**Aim of the task**. Below are the records; copy every line in them that holds the string "Vanity".

**Data supplied**.
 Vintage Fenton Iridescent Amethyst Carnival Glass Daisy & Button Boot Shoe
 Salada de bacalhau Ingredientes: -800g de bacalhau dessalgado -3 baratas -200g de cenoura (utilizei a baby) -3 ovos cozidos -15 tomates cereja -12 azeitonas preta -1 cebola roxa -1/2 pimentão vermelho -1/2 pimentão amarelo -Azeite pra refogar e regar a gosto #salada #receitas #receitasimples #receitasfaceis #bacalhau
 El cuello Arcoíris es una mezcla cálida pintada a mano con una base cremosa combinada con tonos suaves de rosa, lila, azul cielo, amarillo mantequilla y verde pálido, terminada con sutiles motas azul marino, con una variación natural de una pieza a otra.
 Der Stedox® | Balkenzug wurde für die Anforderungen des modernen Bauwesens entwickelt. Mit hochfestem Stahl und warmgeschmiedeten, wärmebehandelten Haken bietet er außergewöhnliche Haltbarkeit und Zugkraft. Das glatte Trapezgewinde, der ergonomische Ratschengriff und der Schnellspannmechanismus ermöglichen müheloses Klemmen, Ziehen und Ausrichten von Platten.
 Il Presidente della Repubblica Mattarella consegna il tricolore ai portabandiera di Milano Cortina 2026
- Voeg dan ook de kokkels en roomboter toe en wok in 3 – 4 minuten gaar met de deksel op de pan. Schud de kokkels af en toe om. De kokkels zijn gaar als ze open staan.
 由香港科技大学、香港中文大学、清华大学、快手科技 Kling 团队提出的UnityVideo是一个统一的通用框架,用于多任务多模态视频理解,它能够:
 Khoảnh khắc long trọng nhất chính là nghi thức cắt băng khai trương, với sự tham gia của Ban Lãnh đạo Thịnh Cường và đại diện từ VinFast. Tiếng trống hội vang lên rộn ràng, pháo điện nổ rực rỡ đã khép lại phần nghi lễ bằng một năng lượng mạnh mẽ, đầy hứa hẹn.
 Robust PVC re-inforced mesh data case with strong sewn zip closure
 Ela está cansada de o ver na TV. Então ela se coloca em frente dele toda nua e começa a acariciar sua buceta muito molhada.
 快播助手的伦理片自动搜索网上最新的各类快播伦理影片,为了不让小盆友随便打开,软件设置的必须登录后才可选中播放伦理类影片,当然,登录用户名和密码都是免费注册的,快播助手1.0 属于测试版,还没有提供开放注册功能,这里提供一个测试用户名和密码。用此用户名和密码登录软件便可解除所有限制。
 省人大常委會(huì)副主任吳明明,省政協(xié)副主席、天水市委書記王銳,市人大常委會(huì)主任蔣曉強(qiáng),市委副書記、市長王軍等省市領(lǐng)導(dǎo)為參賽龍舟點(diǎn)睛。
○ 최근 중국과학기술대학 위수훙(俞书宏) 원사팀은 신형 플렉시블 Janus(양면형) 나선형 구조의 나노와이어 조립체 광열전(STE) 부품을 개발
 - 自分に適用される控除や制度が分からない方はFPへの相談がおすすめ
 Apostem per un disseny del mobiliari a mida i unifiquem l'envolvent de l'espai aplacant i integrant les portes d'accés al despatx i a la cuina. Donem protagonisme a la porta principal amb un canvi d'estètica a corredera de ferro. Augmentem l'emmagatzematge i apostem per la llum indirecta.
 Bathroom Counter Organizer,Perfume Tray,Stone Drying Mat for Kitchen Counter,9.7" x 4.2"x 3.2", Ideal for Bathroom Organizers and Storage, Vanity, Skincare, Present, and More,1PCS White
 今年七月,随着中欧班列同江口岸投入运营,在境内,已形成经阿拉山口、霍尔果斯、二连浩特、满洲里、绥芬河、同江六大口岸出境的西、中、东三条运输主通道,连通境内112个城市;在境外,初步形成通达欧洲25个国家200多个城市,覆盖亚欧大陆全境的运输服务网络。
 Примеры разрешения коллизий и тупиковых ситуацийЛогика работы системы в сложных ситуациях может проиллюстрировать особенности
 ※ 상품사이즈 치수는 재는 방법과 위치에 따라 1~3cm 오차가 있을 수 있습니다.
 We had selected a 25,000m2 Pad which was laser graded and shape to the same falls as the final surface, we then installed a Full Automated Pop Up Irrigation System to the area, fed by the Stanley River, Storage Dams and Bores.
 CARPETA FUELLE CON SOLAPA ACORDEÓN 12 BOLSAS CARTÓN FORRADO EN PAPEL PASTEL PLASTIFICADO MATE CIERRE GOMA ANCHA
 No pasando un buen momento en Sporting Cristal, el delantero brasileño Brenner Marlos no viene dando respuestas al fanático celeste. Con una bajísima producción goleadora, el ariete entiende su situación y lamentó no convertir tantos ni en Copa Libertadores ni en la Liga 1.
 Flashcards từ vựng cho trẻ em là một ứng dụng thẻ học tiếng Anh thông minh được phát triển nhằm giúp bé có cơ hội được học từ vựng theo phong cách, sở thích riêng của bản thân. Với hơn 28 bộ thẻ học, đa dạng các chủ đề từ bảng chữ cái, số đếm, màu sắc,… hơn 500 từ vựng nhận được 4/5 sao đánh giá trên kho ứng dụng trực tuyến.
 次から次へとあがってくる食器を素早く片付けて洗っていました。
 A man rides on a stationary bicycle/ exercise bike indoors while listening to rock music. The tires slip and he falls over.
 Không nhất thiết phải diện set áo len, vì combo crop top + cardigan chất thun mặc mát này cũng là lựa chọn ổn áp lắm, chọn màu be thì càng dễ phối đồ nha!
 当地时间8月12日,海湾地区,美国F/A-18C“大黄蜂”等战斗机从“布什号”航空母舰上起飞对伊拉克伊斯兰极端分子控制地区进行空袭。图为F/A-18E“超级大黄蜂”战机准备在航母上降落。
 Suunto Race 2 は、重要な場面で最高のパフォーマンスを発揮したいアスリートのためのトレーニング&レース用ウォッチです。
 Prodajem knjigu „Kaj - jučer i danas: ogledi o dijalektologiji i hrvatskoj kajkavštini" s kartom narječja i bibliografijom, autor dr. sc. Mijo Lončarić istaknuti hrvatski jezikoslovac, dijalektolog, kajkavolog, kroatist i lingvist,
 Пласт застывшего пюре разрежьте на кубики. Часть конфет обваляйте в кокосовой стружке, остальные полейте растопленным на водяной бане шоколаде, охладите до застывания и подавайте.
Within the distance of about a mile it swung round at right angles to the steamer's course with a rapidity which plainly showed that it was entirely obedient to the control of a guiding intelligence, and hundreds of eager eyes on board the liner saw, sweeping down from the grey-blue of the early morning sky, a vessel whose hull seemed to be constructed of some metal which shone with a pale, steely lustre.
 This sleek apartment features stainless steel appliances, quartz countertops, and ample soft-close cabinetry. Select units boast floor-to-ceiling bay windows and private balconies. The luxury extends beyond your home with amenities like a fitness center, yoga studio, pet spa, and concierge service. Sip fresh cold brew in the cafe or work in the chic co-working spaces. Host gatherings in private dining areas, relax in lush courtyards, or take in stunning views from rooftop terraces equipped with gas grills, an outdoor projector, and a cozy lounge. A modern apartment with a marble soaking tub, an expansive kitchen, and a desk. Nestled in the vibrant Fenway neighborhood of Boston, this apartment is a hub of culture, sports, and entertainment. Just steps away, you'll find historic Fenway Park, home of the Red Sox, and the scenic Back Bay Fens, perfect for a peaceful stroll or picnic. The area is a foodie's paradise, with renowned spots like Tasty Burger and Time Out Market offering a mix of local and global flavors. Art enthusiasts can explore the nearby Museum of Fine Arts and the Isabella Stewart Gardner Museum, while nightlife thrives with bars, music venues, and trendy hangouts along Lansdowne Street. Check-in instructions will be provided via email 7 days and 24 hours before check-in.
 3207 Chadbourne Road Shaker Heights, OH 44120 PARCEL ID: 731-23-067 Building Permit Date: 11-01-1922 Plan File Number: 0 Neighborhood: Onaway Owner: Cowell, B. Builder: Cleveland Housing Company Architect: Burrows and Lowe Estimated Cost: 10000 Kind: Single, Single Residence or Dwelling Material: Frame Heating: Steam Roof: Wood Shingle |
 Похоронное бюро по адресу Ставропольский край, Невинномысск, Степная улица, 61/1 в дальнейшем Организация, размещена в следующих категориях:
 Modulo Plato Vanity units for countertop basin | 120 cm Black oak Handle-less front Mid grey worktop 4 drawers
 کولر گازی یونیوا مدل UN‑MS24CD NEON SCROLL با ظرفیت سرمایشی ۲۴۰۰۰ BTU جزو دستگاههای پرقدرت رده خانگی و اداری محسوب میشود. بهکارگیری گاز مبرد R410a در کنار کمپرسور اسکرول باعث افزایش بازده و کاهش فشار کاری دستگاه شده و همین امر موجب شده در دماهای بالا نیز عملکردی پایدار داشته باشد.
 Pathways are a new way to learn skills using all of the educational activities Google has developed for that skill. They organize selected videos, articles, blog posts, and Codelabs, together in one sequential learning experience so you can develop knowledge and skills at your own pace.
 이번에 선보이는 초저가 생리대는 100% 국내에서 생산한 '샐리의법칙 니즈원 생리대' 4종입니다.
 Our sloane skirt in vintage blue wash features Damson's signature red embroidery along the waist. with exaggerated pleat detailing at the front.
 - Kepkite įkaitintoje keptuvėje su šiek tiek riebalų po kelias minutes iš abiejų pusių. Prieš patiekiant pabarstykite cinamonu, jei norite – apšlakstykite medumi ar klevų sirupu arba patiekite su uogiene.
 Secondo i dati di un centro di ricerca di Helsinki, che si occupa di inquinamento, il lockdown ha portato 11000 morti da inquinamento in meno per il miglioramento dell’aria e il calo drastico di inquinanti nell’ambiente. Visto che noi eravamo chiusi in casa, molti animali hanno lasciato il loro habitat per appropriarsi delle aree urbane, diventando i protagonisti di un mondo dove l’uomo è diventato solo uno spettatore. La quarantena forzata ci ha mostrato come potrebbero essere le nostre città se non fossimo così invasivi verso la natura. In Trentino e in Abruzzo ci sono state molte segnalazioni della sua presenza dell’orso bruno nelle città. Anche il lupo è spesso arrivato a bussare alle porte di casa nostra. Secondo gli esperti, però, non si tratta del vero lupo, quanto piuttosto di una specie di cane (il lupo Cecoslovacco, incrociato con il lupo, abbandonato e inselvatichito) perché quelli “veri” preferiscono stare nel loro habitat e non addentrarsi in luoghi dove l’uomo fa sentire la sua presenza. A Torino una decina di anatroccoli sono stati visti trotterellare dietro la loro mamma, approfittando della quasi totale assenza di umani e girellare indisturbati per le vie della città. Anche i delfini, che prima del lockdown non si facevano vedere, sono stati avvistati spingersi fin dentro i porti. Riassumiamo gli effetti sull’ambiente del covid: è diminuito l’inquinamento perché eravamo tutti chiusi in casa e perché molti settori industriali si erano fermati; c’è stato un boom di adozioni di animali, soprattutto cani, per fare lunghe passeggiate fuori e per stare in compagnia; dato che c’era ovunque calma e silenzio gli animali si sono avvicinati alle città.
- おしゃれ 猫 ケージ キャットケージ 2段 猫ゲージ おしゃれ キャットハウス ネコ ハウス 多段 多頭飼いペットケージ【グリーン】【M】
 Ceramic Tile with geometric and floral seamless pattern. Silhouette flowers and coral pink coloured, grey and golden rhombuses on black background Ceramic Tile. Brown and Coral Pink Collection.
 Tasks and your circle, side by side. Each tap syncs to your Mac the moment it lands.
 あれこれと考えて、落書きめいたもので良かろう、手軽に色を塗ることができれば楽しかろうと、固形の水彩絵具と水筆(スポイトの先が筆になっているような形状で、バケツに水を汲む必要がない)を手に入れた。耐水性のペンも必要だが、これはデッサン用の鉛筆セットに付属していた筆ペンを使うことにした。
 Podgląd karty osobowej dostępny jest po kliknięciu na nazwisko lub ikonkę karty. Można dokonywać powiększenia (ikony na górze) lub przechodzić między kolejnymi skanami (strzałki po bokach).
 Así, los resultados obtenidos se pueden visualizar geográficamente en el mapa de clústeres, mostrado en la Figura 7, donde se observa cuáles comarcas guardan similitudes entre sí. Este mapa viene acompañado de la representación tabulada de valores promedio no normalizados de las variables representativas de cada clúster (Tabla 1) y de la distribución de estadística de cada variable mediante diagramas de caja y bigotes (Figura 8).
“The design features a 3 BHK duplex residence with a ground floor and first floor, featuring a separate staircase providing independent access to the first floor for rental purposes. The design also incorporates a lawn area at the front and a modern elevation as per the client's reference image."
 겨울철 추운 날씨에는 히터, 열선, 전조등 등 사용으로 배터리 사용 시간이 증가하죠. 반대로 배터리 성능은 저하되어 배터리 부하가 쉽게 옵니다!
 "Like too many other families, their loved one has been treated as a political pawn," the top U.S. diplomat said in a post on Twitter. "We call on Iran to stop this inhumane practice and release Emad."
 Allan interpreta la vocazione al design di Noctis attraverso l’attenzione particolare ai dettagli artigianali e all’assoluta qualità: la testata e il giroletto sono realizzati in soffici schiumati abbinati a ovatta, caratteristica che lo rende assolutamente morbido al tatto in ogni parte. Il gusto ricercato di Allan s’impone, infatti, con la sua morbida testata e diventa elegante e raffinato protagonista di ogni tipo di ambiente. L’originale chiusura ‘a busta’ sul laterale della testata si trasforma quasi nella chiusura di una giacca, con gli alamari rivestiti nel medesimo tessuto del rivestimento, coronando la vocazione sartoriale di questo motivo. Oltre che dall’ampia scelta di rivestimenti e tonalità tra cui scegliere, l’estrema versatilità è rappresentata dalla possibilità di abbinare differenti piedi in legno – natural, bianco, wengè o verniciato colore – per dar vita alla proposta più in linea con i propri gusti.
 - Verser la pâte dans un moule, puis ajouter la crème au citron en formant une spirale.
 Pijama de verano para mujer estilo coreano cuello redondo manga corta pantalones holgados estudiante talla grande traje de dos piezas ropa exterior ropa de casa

**Result of the task**.
 Bathroom Counter Organizer,Perfume Tray,Stone Drying Mat for Kitchen Counter,9.7" x 4.2"x 3.2", Ideal for Bathroom Organizers and Storage, Vanity, Skincare, Present, and More,1PCS White
 Modulo Plato Vanity units for countertop basin | 120 cm Black oak Handle-less front Mid grey worktop 4 drawers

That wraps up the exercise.